Insex was one of the biggest BDSM pornographic websites on the Internet and arguably the most extreme American pornographic production featuring female submissives. It was also a leading innovator in both live video streaming, pioneering the concept before broadband Internet access existed, and in the depiction of BDSM practices on the Internet. It existed from 1997 to 2005 and was run by Intersec Interactive Inc., a company owned by the website's creator, Brent Scott, former Carnegie Mellon professor, known on the site as "pd". Insex developed a cult following among BDSM enthusiasts due to its uncommonly severe and realistic depiction of sadomasochistic practices. It was also known for its interactive "Live Feeds" which allowed members to make direct suggestions and requests. In late 2006, Insex ended the production of original material, citing increased pressure from conservatives within the U.S. Justice Department.

Concept 
Insex.com offered primarily two forms of content, "Live Feeds" which could be watched through a live video stream and actively influenced in a simultaneous chat especially IRC between viewers and the website operator, and conventionally shot and edited videos that were the basis of regular updates. Most of the live feeds were later edited and presented as downloadable videos. Additionally, Insex offered so-called "Tests", compiled videos of women who had explored BDSM play at the hands of a professional producer and then decided not to return after a first test shoot. The website also provided a message board for paying members that was frequented by the staff and several of the more prominent models.

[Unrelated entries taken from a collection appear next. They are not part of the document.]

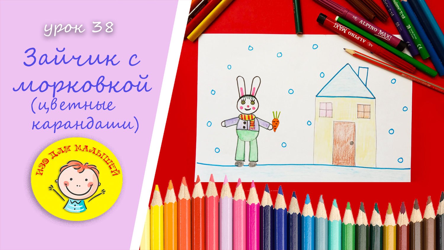 Рисуем ЗАЙЧИКА с МОРКОВКОЙ. УРОК 38. Тема: "зайчик с морковкой"- цветные карандаши
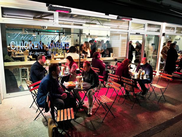 In der nagelneuen „Mochi“-Dependance „Chicken Karate“ überlässt er das Reden wie immer Tobias Müller. Vielleicht versteckt er sich aber auch ganz einfach vor der versammelten Wiener Gastro-Kritiker- und Food-Blogger-Szene, die sich schon am ersten Tag hier am Vorgartenmarkt eingefunden hat. Der Laden brummt, die Leute stehen teilweise von der offenen Selbstbedienungsküche bis vor die Tür hinaus an.
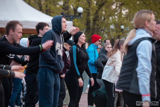 Сегодня в парке «Победа» в половине седьмого вечера заиграла музыка, и аниматоры стали приглашать прохожих присоединиться к тренировке. Желающих оказалось немало, участникам раздали неоновые браслеты. И началась разминка. Затем – основная часть тренировки с фитнесом и силовыми упражнениями. Чтобы немного расслабиться, танцевальный мастер-класс и выступления местных артистов.
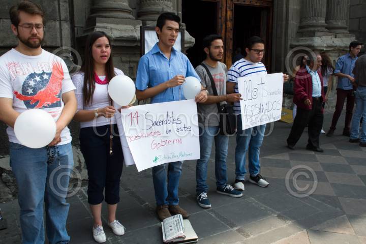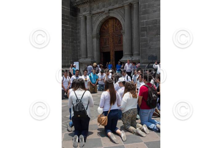 CIUDAD DE MÉXICO, 21MAYO2017.- Un grupo de jóvenes católicos se manifestaron para pedir justicia y oraron por la salud del Padre José Miguel Machorro Alcalá afuera de la Catedral Metropolitana. FOTO: MOISÉS PABLO /CUARTOSCURO.COM
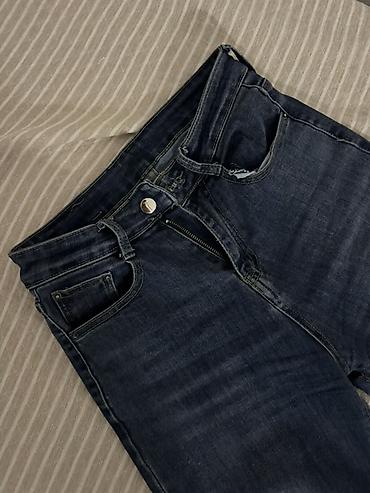 Джинсы темно‑синего денима (индиго), классический крой с зауженной штаниной.

The videos were presented in RealVideo format, in the beginning with bitrates of 225 kbit/s, and later up to 450 kbit/s. Commonly, the updates were between 30 and 90 minutes in length, while the live feeds usually lasted several hours. On some occasions, models were online in BDSM live events for as long as 48 hours continuously. During such long sessions models had rest breaks, in which they could answer questions from viewers that were relayed from the message board or chat room. Starting in 2003, videos were occasionally shot in 16:9 widescreen aspect ratio with partly more artistic camera work.

The material included different aspects of BDSM, e.g. rope and metal bondage, heavy caning, flogging and whipping, as well as needle play, intimate examination, erotic asphyxiation, gagging, humiliation, electric stimulation/torture, interrogation, human animal roleplay, enemas, and urolagnia. Crucifixion and water torture were also explored, and would later inspire pay sites dedicated solely to those forms of BDSM. Videos often showed penetration with dildos and the use of vibrators, while sexual intercourse and oral sex were briefly shown on a small number of occasions.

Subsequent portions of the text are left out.